UN’s Goldstone completes public hearings on Gaza conflict

UN Watch in the News

Deutsche Press-Agentur
July 8, 2009

GENEVA – The head of the United Nations fact-finding mission for the recent war in the Gaza Strip said Tuesday that he regrets having not been given access to Israel to see the situation on the ground there.

South African Justice Richard Goldstone commented after the last two days of public hearings in Geneva, where he and the three other members of the commission heard testimony from Israelis, Palestinians from the West Bank and special experts.

“We would very much have preferred to have this take place in southern Israel, from where victims came, and on the West Bank,” said Goldstone, a former war-crimes prosecutor for Rwanda and Yugoslavia.

“But, I think, it is well known the government of Israel decided not to cooperate with the mission.”

He pointed out that Hamas did not fully cooperate with the team, either.

Israel alleged the mission was biased against the Jewish State.
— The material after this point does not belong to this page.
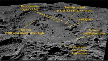 The landing site within Antoniadi crater is noteworthy because it contains the lowest point on the Moon. Antoniadi crater contains both a central peak and a central peak ring structure and is, thus, sometimes classified as a “proto-basin.”
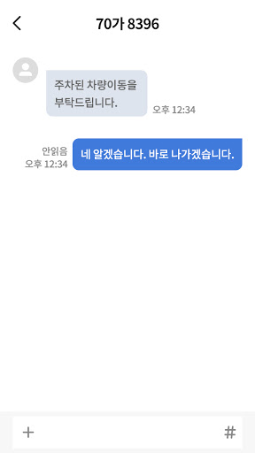 차량번호를 통하여 차번호로 주차이동 메세지 전달

Goldstone said that he was investigating all possible violations of international law by the parties to the conflict.

The team spent time in the Gaza Strip carrying out investigations and holding similar public hearings with Palestinians who said they were victims of human-rights abuses.
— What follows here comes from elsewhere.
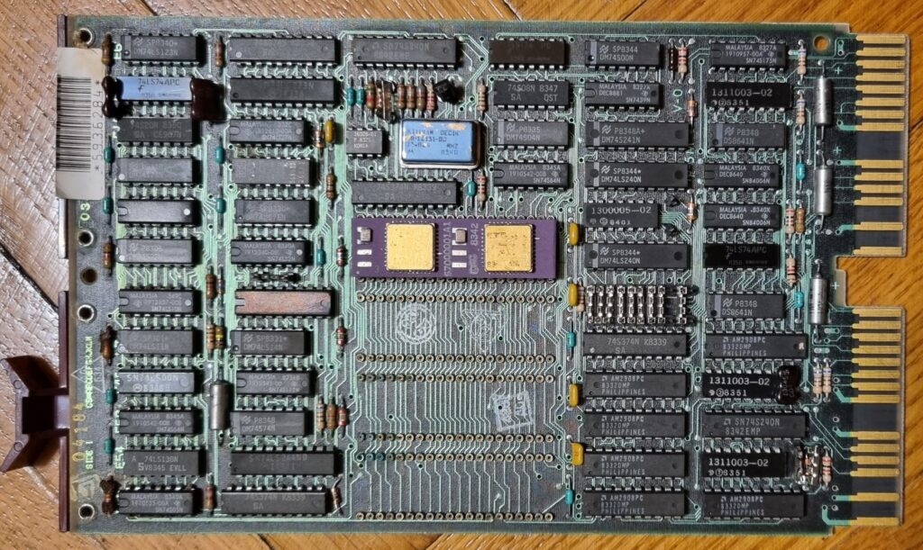Tai silpnesio modelio PDP-11/23 procesoriaus plokštė su F-11 čipsetu. 18 bitų adresacija, be MMU (vadinasi mažai RAM), be FPU. Bet ALU dalis lygtai yra. Buvo baisi, išploviau su muilu, distiliuotu vandeniu ir izopropilo alkoholiu.

“One doesn’t understand really the effect on people, the suffering of people, if one doesn’t get onto the ground and speak to people and listen to people,” said the judge.

He said the scenes the mission witnessed in the blockaded territory “shocked” them.
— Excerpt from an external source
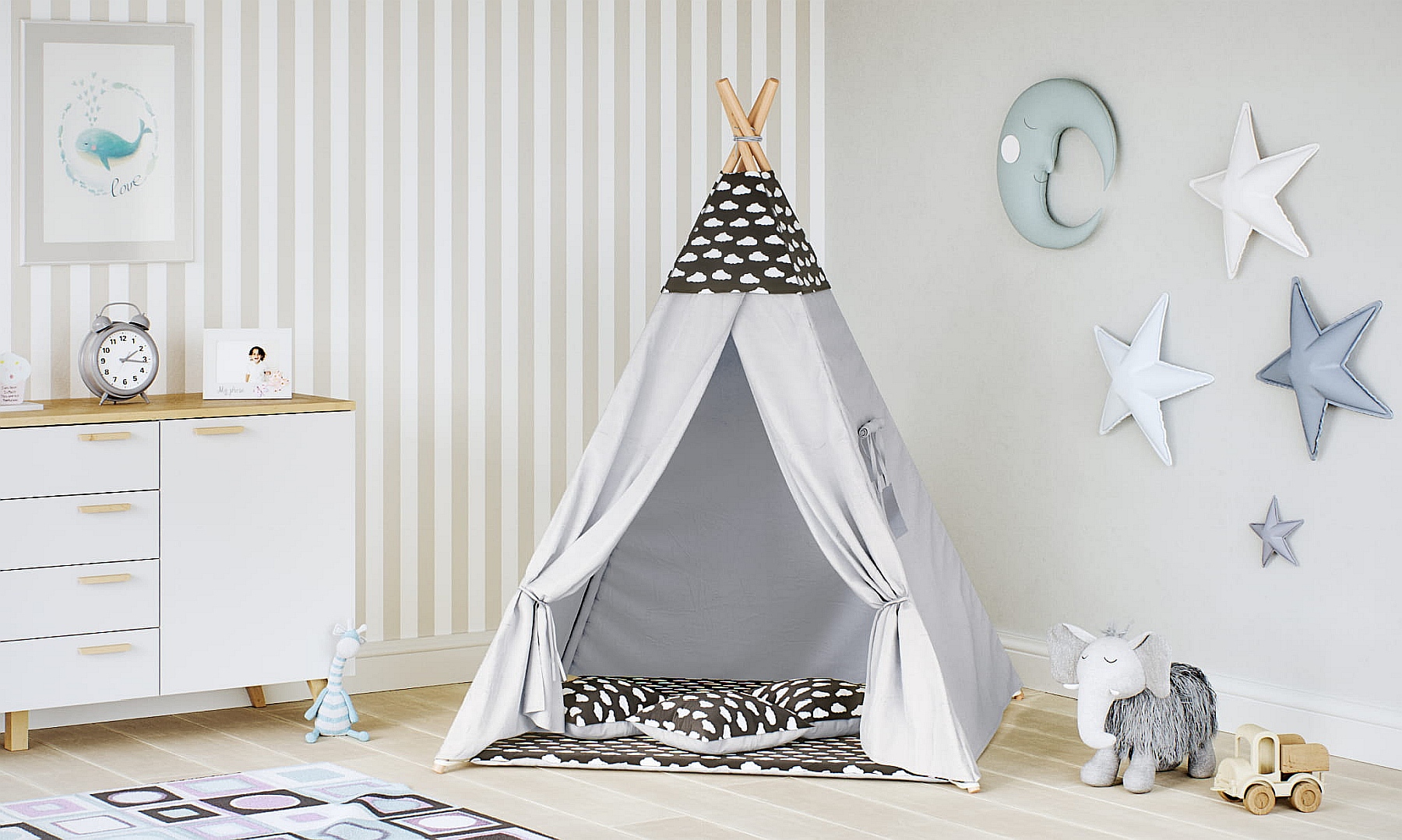 Tipi dla dzieci Chmurki czarne szary

He refused to talk about any conclusions, saying a report was being compiled to be presented in September to the Human Rights Council.

In Geneva, Goldstone heard the testimony of Israelis from the southern part of the country in areas that came under rocket fire from Palestinian militants in Gaza.

The commission spoke with Noam Shalit, father of Israeli soldier Gilad Shalit, who has been held captive and incommunicado in the enclave since 2006. The International Committee of the Red Cross has demanded, but failed to receive, any access to the soldier.

Also testifying were lawyers from the West Bank, weapons specialists and experts on international humanitarian law.

One member of the commission, Christine Chinkin, has come under criticism from UN Watch, an organization connected to the American Jewish Committee, saying she was biased against Israel.

In January, as the conflict was taking place, the international law professor signed a petition saying Israel’s actions were “prima facie war crimes” and that Hamas, the militant group ruling Gaza, had committed war crimes.

During the war, which started on December 27 and lasted three weeks, human-rights groups say that more than 1,400 Palestinians were killed, mostly civilians, along with Israeli fatalities of three civilians and 10 soldiers.